NeutralA stock rated as "Neutral" is expected to perform in line with the overall market or a specific benchmark. This rating indicates that the stock is neither particularly attractive nor unattractive for investment. Investors may consider holding onto the stock, as it is not expected to either significantly outperform or underperform the market.
UnderperformA stock rated as "Underperform" is expected to perform worse than the overall market or a specific benchmark over the near-to-medium term. This rating suggests that the stock may deliver lower returns compared to the average returns of other stocks in the same sector or market index. Investors might consider selling the stock or avoiding it as an investment.

Disclaimer

This AI Analyst Stock Report is automatically generated by our AI systems using advanced algorithms and publicly available financial, technical, and market data.
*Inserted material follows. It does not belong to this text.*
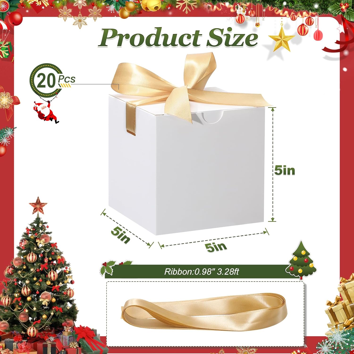• Size: Wedding gift boxes :5"x 5"x 5", Ribbon: 0.98 inch Width, 3.28ft length. cube shape ,prefect size for candies, chocolates, cookies, jewelry, bracelet, ring ,craft ,and other small gifts

While the information provided aims to be accurate and insightful, it is intended for informational purposes only and should not be considered financial advice. Any content created by an AI (Artificial Intelligence) system may contain inaccuracies and/or contain errors. Investing in stocks carries inherent risks, and past performance is not indicative of future results. This report does not account for your personal financial circumstances, objectives, or risk tolerance. Always conduct your own research or consult with a qualified financial advisor before making investment decisions. The analysis and recommendations provided are based on historical and current data and may not fully reflect future market conditions or unexpected developments. Neither the creators of this report nor its affiliated entities guarantee the accuracy, completeness, or reliability of the information presented. Use this report at your own discretion and risk.